# **Project: Predicting the Condition of Water Wells in Tanzania**

## 1. Business Understanding

### Background:

  Access to clean and functional water is a critical challenge in Tanzania, where over 57 million people depend on water wells.Ensuring water wells remain functional can significantly improve the quality of life, reduce waterborne diseases, and support local economies.
  However, many wells fall into disrepair or become non-functional due to preventable issues.
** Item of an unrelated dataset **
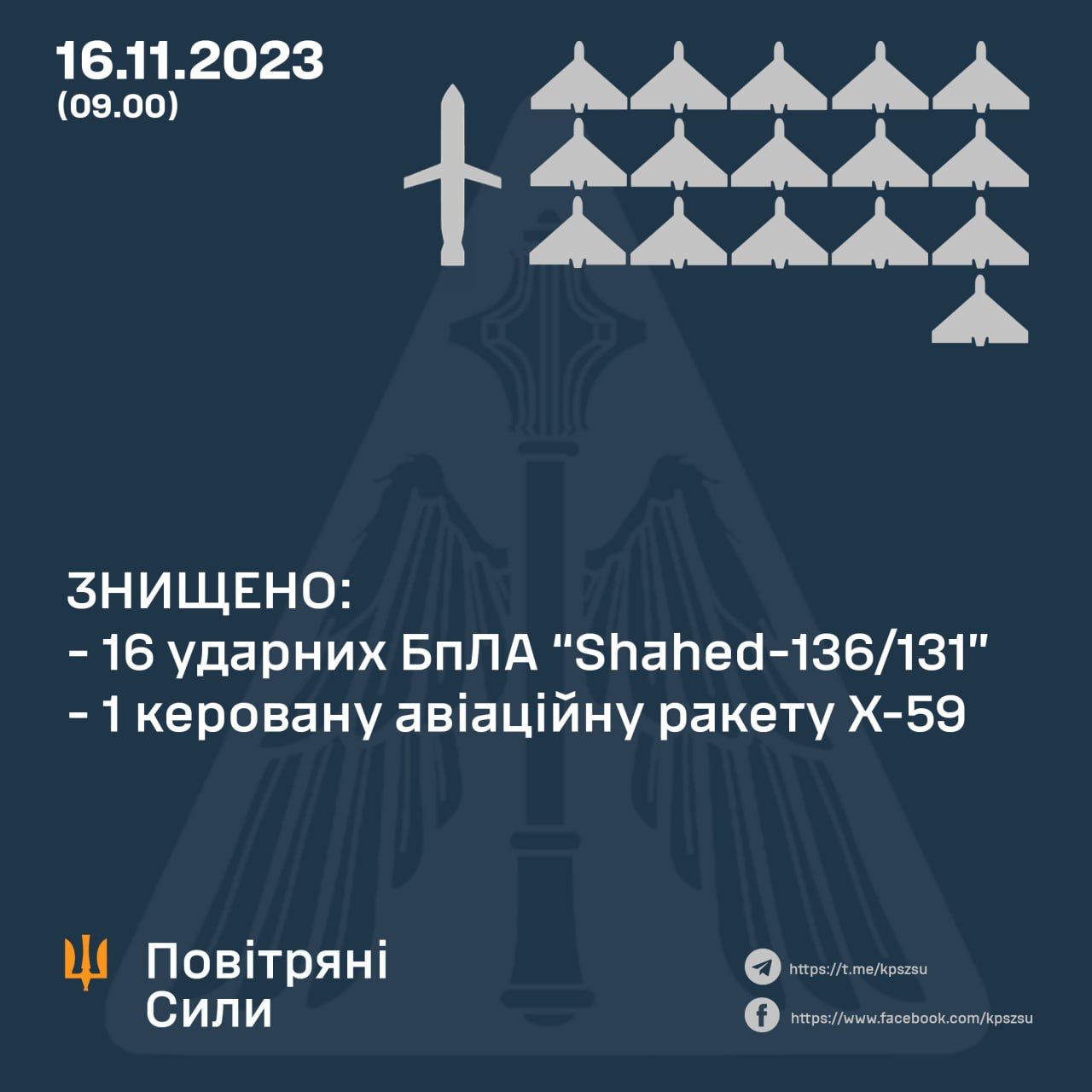 11.05 Воздушные силы публикуют отчет об утренней атаке "Шахедов". Из 18 дронов было сбито 16.

With over 50,000 recorded wells, the ability to predict well functionality can help optimize resource allocation for maintenance and repairs.

### Problem Statement:

  NGOs and government bodies currently rely on limited, manual assessments to determine well conditions. This approach
 is time-consuming and prone to inefficiencies. A predictive model could provide an automated, data-driven solution,
 enabling stakeholders to prioritize interventions effectively.

### Objectives:

 1. Develop a classification model to predict whether a water well is Functional, Needs Repair, or Non-functional.
 2. Identify the key factors contributing to well condition and recommend actionable strategies to improve well functionality.
 3. Compare multiple machine learning models (Logistic Regression, Decision Tree, and Random Forest) to determine the best-performing algorithm.
 4. Deliver insights to stakeholders, including feature importance and predictions, to inform policy and maintenance strategies.

### Audience:
This project targets:
  - NGOs focused on water access and sustainable development.
  - The Tanzanian government, seeking to improve public infrastructure and water security.
  - Data scientists interested in real-world applications of classification models for social impact.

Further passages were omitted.